Further, the most recent findings from an annual Phi Delta Kappa survey reveal more than one-third of American parents fear for their child’s safety at school. Altogether, 34 percent answered they are afraid for their children’s safety at school. This number rises to an alarming 48 percent for parents earning less than $50,000 per year. 

Research shows students at private schools are less likely than their public school peers to experience problems such as alcohol abuse, bullying, drug use, fighting, gang activity, racial tension, theft, vandalism, and weapon-based threats. There is also a strong causal link suggesting private school choice programs, such as CSAs, improve the mental health of participating students.

Copious other empirical research on school choice programs finds these programs offer families improved access to high-quality schools that meet their children’s unique needs and circumstances.

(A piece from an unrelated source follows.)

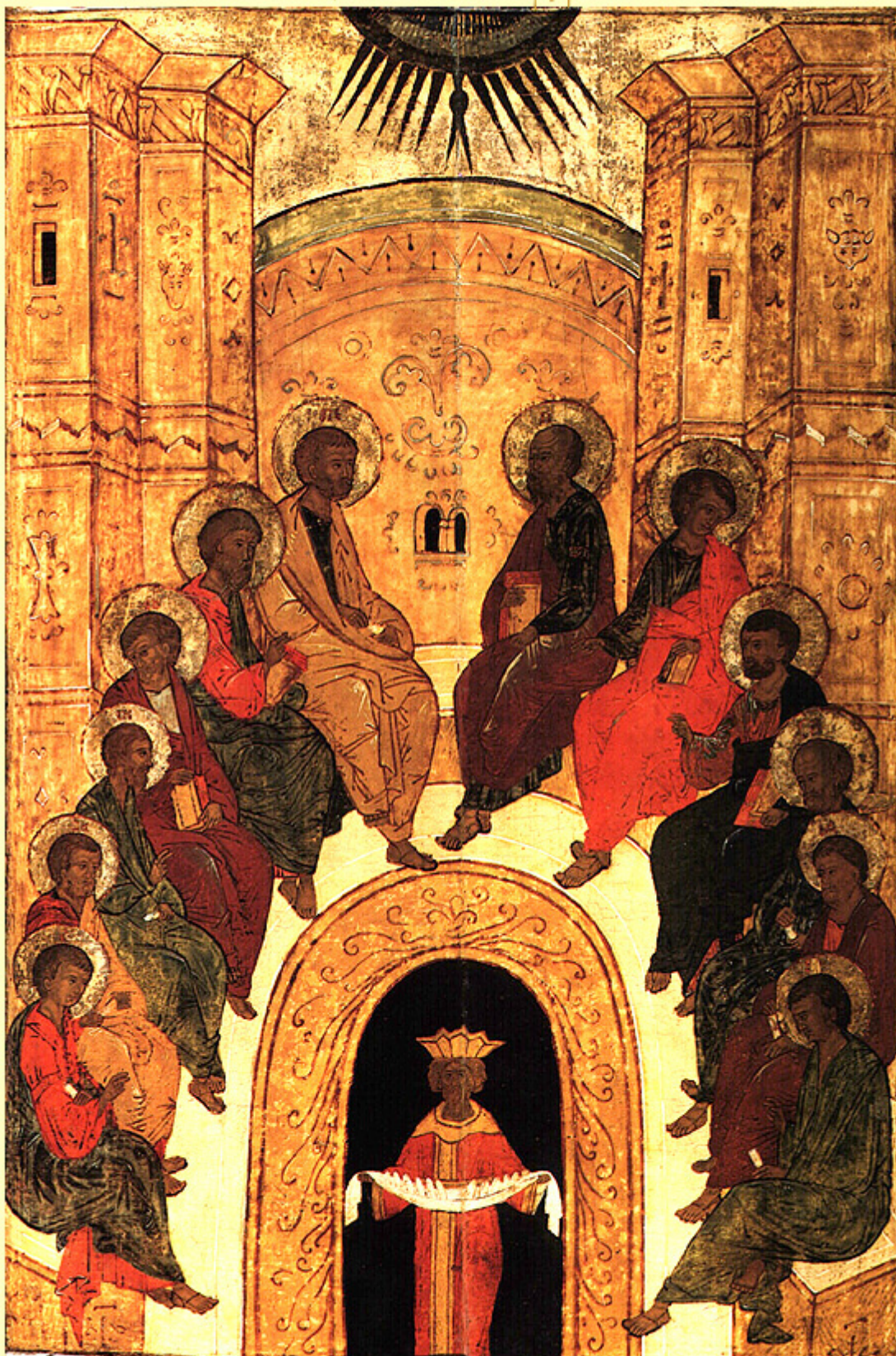
Κυριακή της Πεντηκοστής
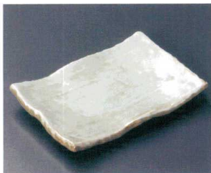
モ113-31-2 白雲 6.0四ツ足皿 (17.1×12.2×2.9cm) ¥850 2024109032

Moreover, these programs improve access to schools that deliver quality education inexpensively. Additionally, these programs benefit public school students and taxpayers by increasing competition, decreasing segregation, and improving civic values and practices. 

In Kansas, the antiquated district model effectively allows only wealthy families to transfer their children from unsafe public schools to safer school environments. The freedom afforded to those families should be afforded to all families, because every Kansas child deserves to have the resources available to escape an unsafe or unhealthy school environment.

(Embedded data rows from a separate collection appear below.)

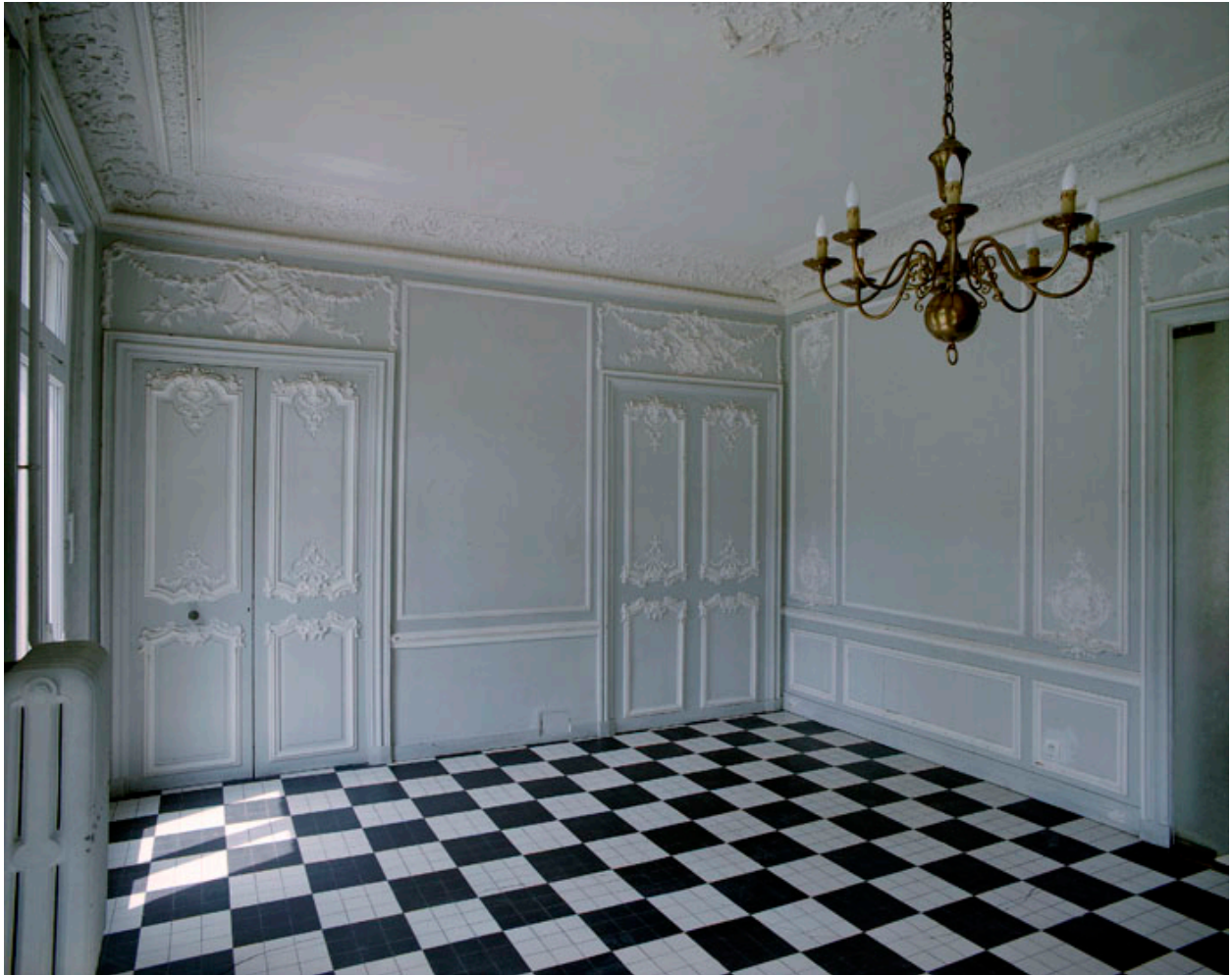
Vue intérieure du grand salon sur jardin.
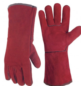
97326 Lashandschoenen (lang) MIG/MAG – elektrode
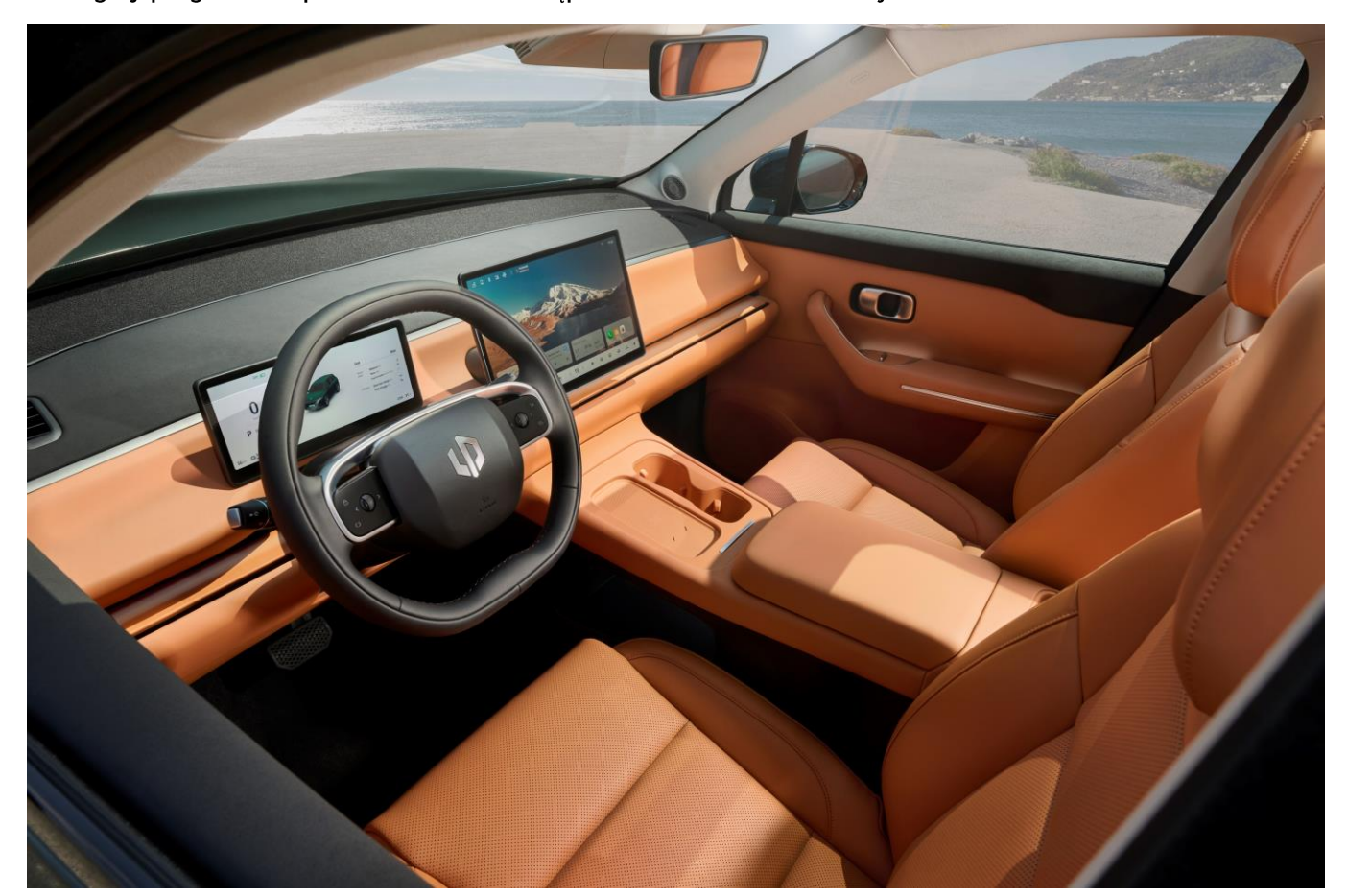
Wykończenie wnętrza C10 Design w kolorze Criollo Brown

Szczegóły programu dopłat "NaszEauto" dostępne na stronie internetowej NFOŚiGW.

The following documents provide more information about child safety accounts and parental choice in education.

Protecting Students with Child Safety Accounts
https://heartland.org/publications-resources/publications/protecting-students-with-child-safety-accounts
In this Heartland Policy Brief, Vicki Alger, senior fellow at the Independent Women’s Forum and research fellow at the Independent Institute and Heartland Policy Analyst Tim Benson detail the prevalence of bullying, harassment, and assault taking place in America’s public schools and the difficulties for parents in moving their child from an unsafe school. Alger and Benson propose a Child Safety Account program, which would allow parents to immediately move their child to a safe school— private, parochial, or pub­lic— as soon as parents feel the school their child is currently attending is too dangerous for their child’s physical or emotion­al health.

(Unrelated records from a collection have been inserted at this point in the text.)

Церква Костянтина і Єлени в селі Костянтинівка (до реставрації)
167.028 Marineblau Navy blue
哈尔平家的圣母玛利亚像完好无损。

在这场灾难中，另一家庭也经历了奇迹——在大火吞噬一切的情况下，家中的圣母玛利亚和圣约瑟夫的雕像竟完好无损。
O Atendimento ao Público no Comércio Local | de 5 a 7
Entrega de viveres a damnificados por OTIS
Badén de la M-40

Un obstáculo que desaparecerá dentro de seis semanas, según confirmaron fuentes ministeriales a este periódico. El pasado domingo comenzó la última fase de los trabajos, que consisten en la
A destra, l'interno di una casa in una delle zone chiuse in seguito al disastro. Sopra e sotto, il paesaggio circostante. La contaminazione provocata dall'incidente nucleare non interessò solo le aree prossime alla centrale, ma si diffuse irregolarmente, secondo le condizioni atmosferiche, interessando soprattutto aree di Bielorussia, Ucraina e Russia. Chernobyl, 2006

The Effects of School Choice on Mental Health
https://papers.ssrn.com/sol3/papers.cfm?abstract_id=3272550
This study from Corey DeAngelis at the Cato Institute and Angela K. Dills of Western Carolina University empirically examines the relationship between school choice and mental health. It finds that states adopting broad-based voucher programs and charter schools witness declines in adolescent suicides and suggests that private schooling reduces the number of times individuals are seen for mental health issues.

A Win-Win Solution: The Empirical Evidence on School Choice (Fourth Edition)
http://www.edchoice.org/wp-content/uploads/2016/05/A-Win-Win-Solution-The-Empirical-Evidence-on-School-Choice.pdf
This paper by EdChoice details how a vast body of research shows educational choice programs improve academic outcomes for students and schools, save taxpayers money, reduce segregation in schools, and improve students’ civic values. This edition brings together a total of 100 empirical studies examining these essential questions in one comprehensive report.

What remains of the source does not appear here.